▼

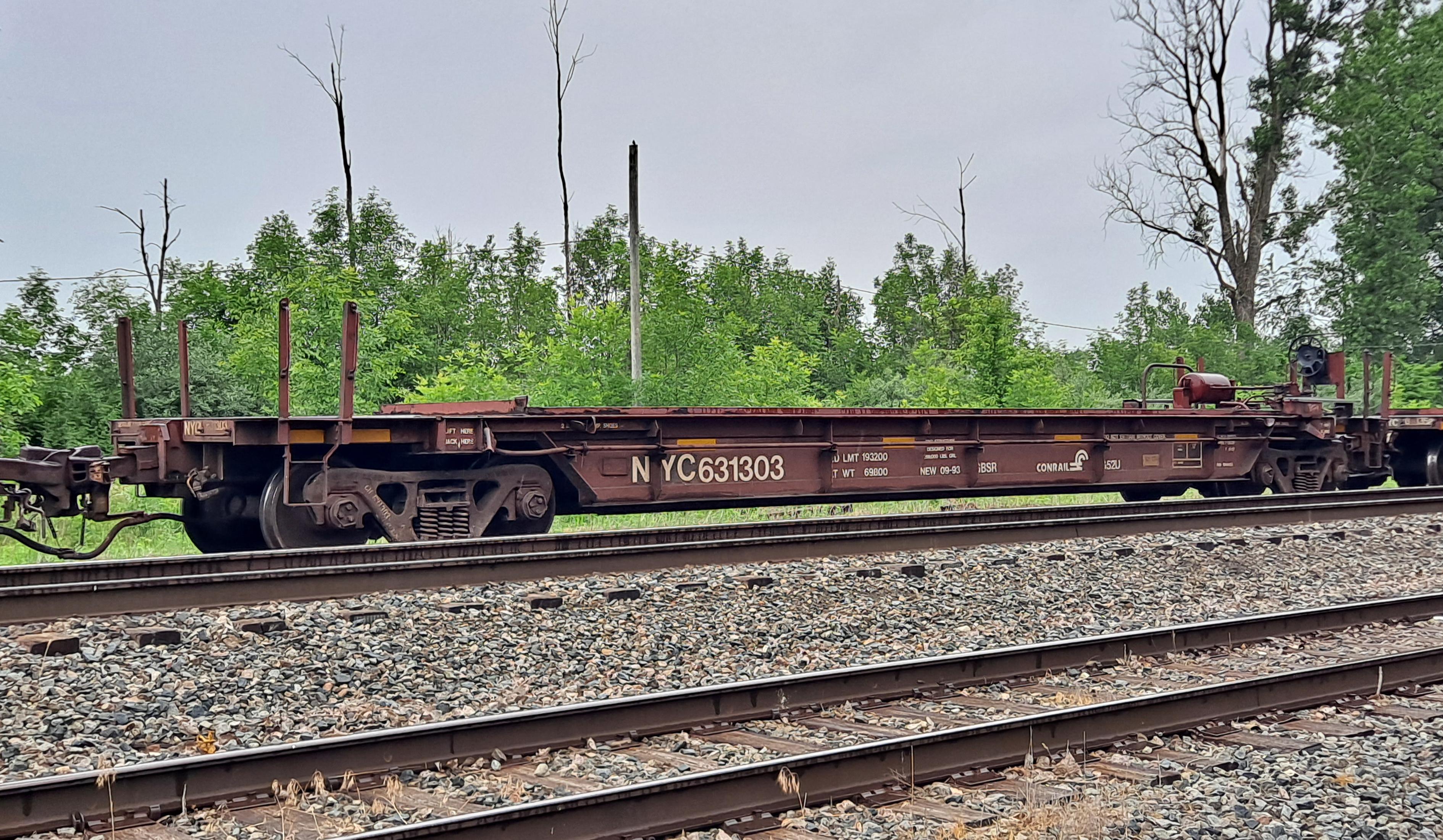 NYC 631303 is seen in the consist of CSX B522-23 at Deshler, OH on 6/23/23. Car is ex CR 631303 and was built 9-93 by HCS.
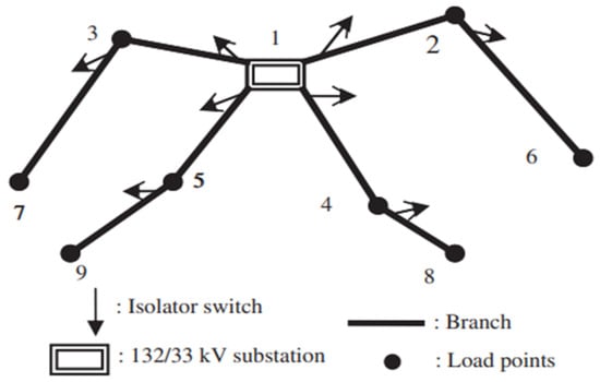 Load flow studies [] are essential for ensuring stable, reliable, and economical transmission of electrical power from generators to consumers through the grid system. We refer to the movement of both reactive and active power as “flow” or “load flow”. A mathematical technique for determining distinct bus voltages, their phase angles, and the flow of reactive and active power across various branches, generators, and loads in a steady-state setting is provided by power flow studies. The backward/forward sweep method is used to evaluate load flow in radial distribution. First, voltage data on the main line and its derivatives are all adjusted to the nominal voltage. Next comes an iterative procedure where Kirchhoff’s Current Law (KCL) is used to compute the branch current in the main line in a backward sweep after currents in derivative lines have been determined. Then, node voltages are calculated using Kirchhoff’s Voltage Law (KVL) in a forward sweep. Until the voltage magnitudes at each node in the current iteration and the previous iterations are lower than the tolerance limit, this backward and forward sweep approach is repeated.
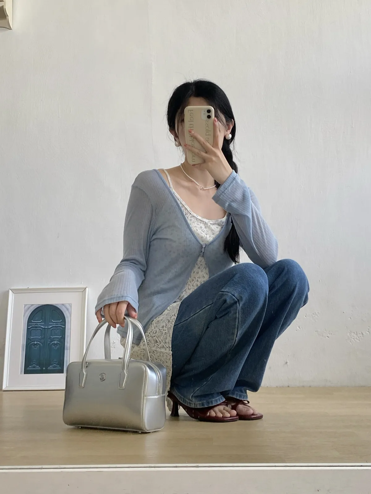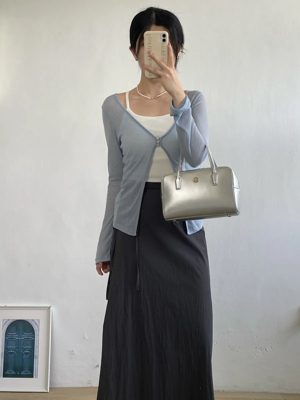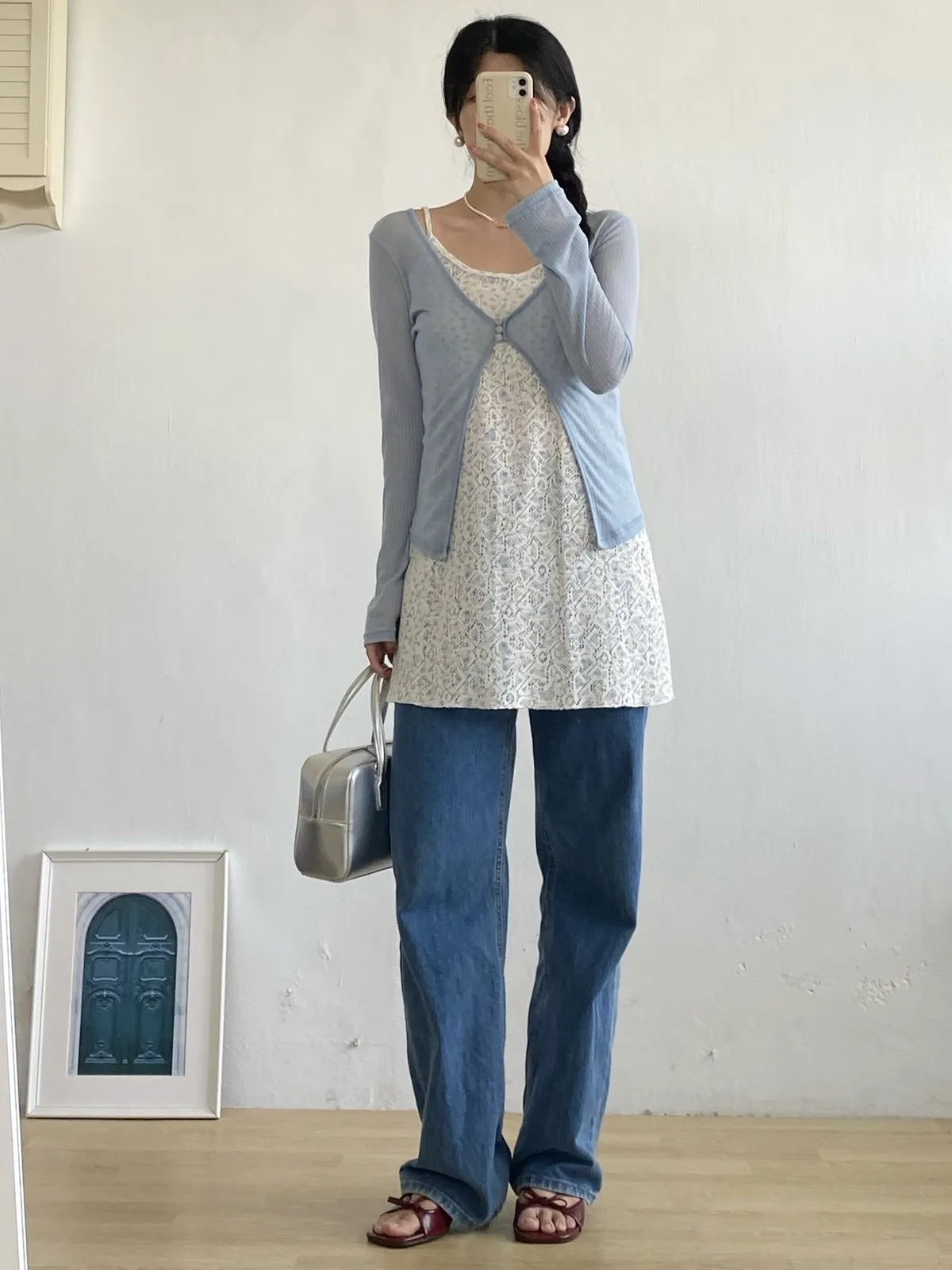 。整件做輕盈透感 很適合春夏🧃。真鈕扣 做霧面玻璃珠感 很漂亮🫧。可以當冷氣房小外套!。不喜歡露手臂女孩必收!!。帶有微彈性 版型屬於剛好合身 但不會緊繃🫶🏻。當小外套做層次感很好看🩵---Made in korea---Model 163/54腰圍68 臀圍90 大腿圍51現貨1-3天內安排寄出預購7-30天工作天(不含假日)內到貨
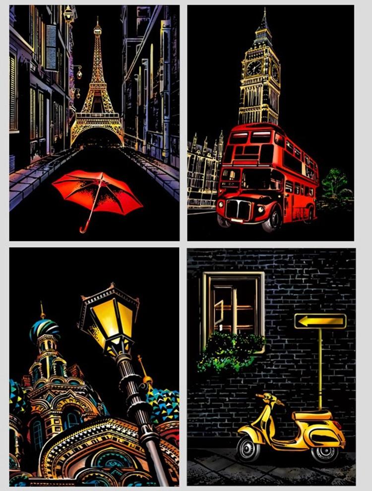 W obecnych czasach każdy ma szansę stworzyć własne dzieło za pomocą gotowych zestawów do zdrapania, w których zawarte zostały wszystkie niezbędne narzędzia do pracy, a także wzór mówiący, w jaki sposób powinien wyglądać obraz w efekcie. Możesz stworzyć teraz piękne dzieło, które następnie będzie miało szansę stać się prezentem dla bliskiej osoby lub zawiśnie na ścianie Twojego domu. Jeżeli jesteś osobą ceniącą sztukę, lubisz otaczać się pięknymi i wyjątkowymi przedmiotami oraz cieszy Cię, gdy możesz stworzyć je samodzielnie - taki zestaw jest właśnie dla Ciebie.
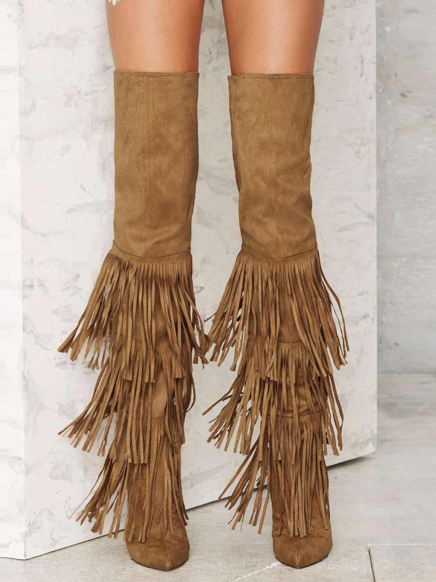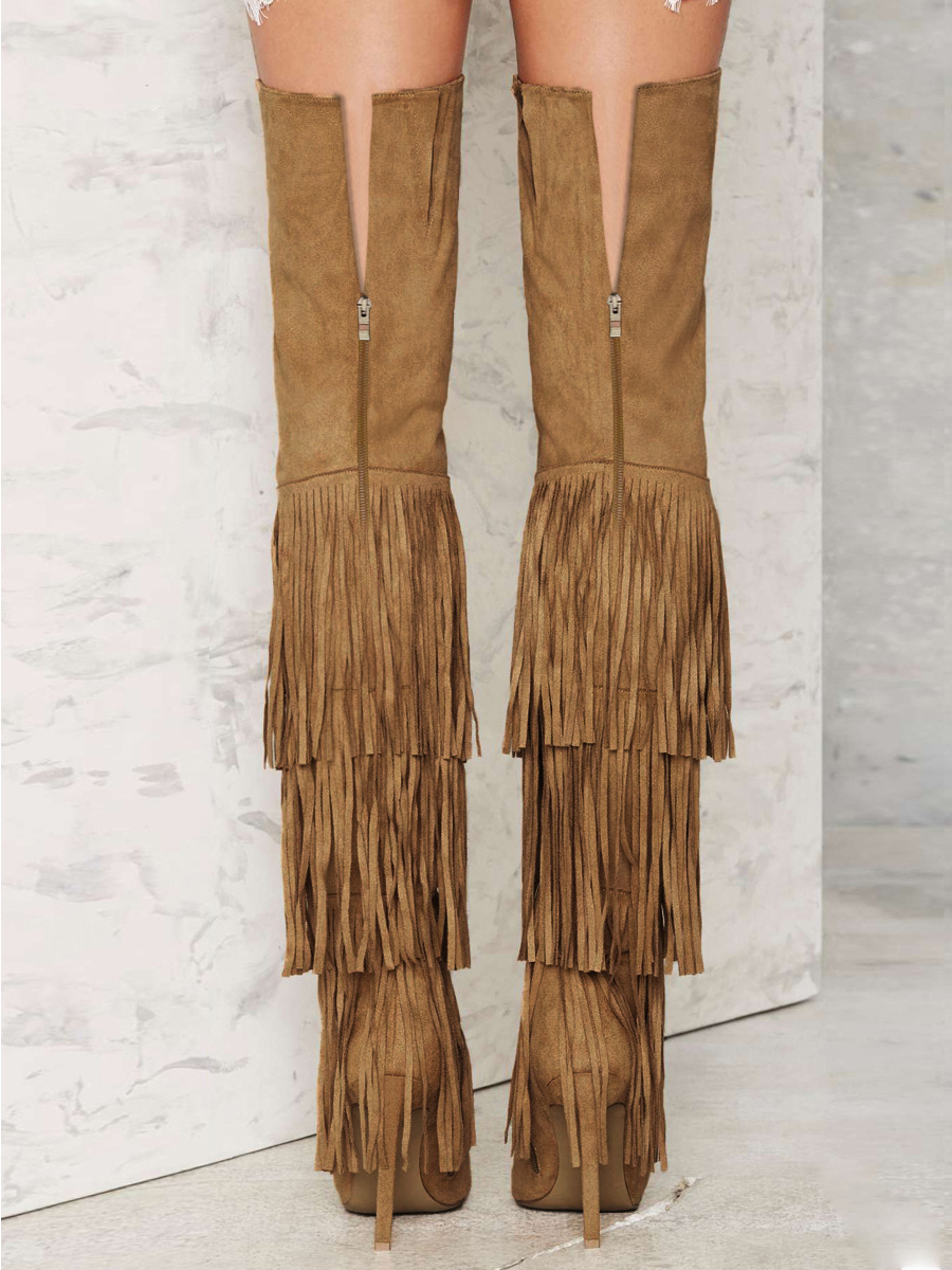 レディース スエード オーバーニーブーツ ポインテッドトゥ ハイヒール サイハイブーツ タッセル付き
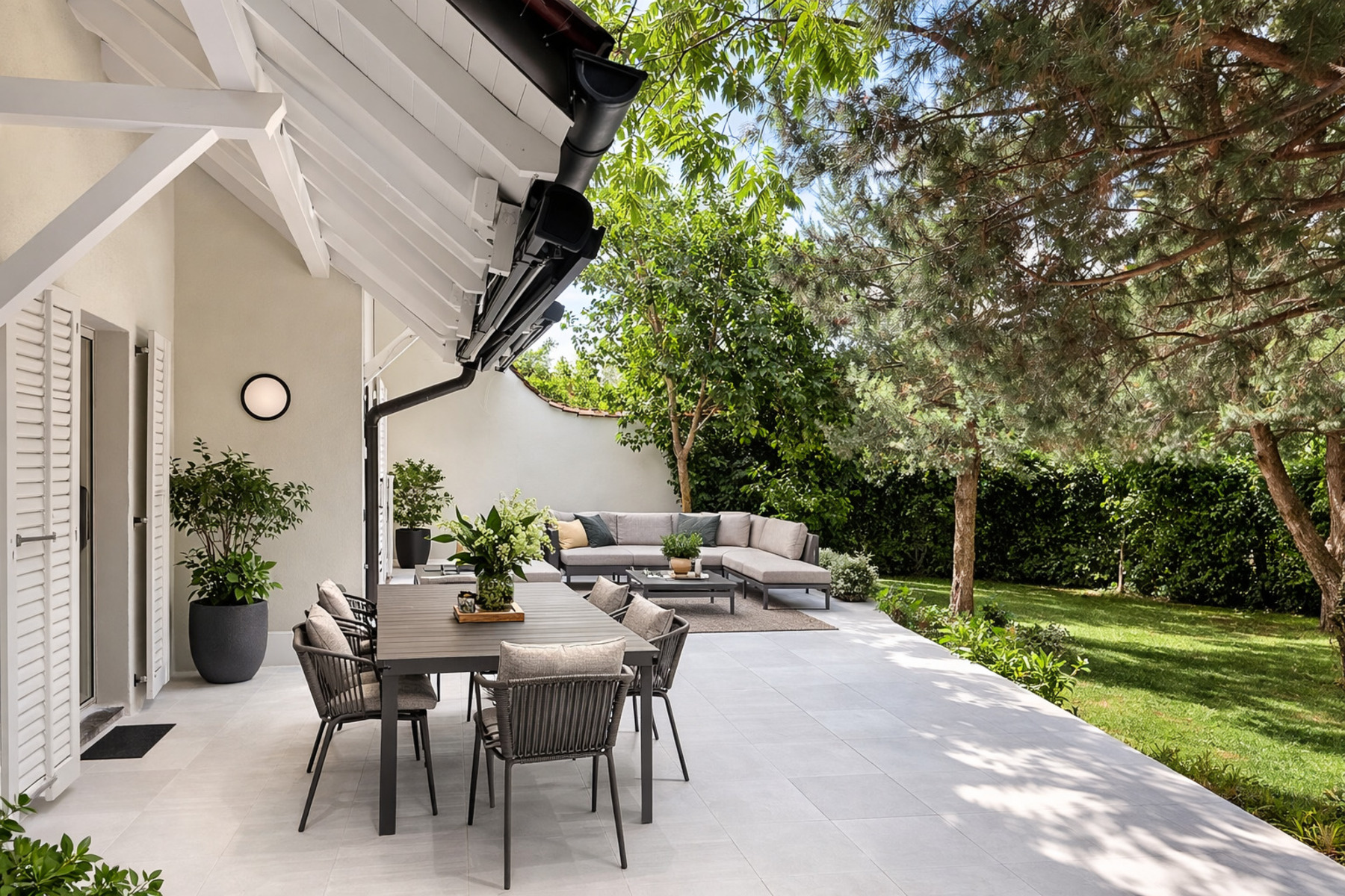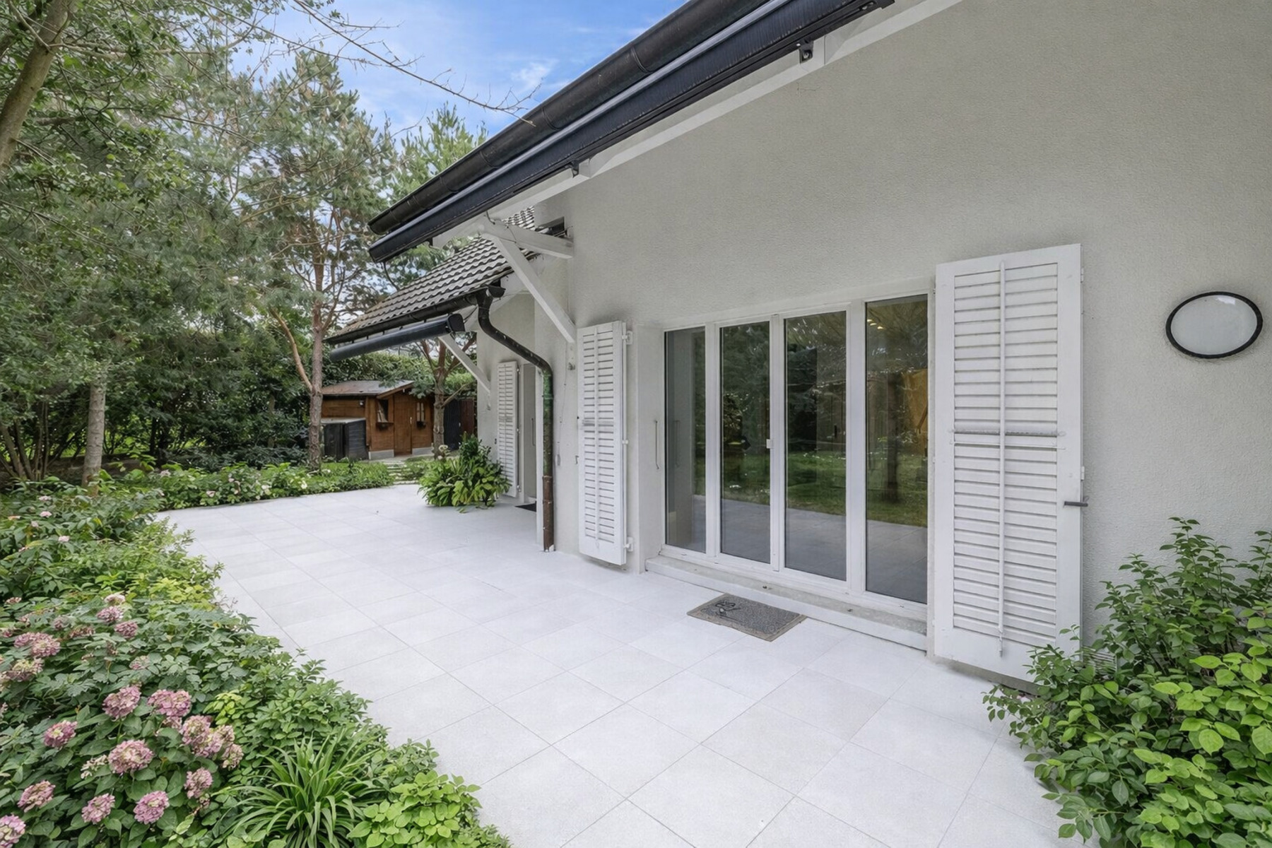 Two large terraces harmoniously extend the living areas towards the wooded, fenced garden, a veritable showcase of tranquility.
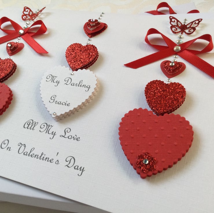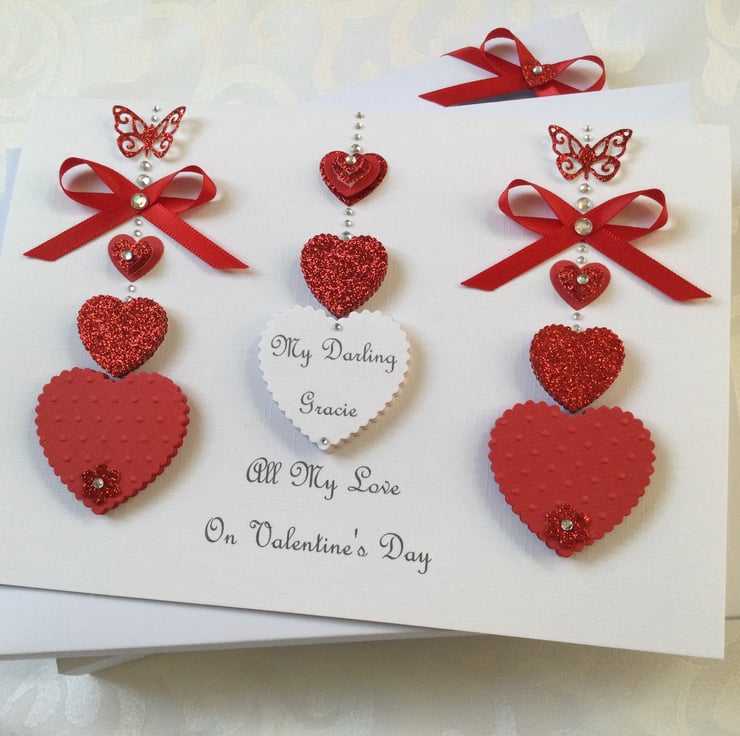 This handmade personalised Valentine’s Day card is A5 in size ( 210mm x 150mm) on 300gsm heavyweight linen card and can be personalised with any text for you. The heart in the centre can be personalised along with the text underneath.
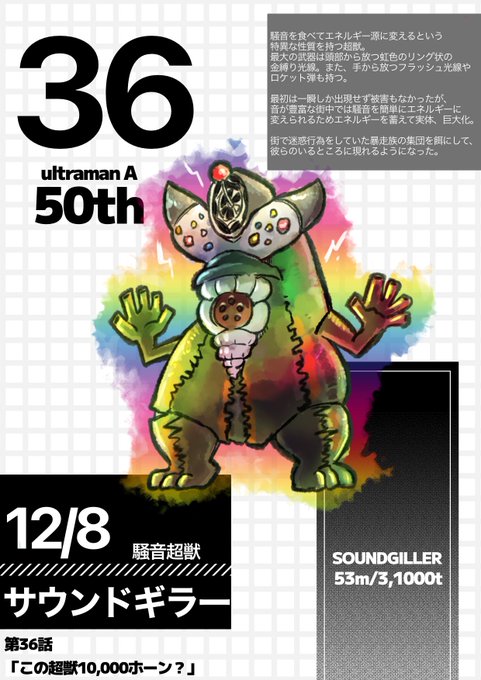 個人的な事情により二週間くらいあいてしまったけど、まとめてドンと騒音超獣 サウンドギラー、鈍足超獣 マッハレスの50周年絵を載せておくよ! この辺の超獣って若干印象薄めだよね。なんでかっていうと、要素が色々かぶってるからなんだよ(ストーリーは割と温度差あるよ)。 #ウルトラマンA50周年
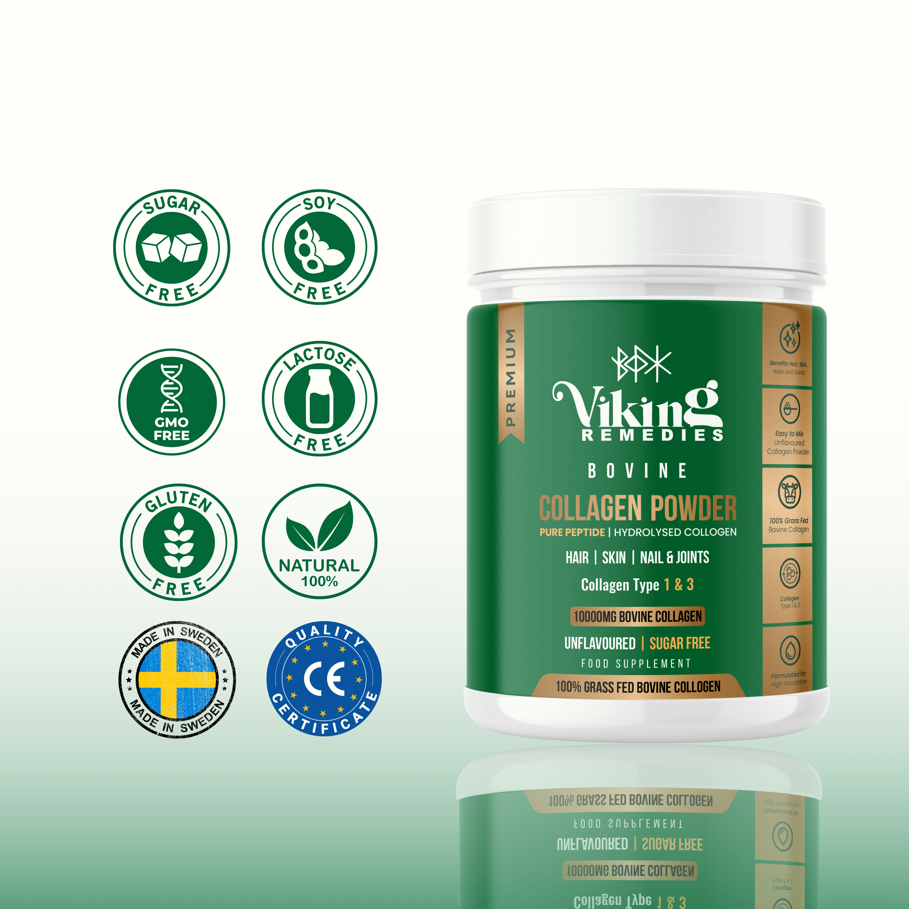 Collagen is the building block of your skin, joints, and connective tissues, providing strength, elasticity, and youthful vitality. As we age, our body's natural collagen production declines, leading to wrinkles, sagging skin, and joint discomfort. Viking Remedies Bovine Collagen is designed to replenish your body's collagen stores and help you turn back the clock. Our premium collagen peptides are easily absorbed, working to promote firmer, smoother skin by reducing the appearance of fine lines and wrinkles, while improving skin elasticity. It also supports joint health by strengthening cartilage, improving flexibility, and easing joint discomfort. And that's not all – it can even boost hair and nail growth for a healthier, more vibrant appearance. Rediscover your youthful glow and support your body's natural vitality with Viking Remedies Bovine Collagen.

▲

TASK ITEM: Give again, word for word, only the lines that run from the top of the data above through the line with "163/54腰圍68 臀圍90 大腿圍51現貨1-3天內安排寄出預購7-30天工作天(不含假日)內到貨". Drop the pictures.

SOLUTION TO THIS EXERCISE:
 NYC 631303 is seen in the consist of CSX B522-23 at Deshler, OH on 6/23/23. Car is ex CR 631303 and was built 9-93 by HCS.
 Load flow studies [] are essential for ensuring stable, reliable, and economical transmission of electrical power from generators to consumers through the grid system. We refer to the movement of both reactive and active power as “flow” or “load flow”. A mathematical technique for determining distinct bus voltages, their phase angles, and the flow of reactive and active power across various branches, generators, and loads in a steady-state setting is provided by power flow studies. The backward/forward sweep method is used to evaluate load flow in radial distribution. First, voltage data on the main line and its derivatives are all adjusted to the nominal voltage. Next comes an iterative procedure where Kirchhoff’s Current Law (KCL) is used to compute the branch current in the main line in a backward sweep after currents in derivative lines have been determined. Then, node voltages are calculated using Kirchhoff’s Voltage Law (KVL) in a forward sweep. Until the voltage magnitudes at each node in the current iteration and the previous iterations are lower than the tolerance limit, this backward and forward sweep approach is repeated.
 。整件做輕盈透感 很適合春夏🧃。真鈕扣 做霧面玻璃珠感 很漂亮🫧。可以當冷氣房小外套!。不喜歡露手臂女孩必收!!。帶有微彈性 版型屬於剛好合身 但不會緊繃🫶🏻。當小外套做層次感很好看🩵---Made in korea---Model 163/54腰圍68 臀圍90 大腿圍51現貨1-3天內安排寄出預購7-30天工作天(不含假日)內到貨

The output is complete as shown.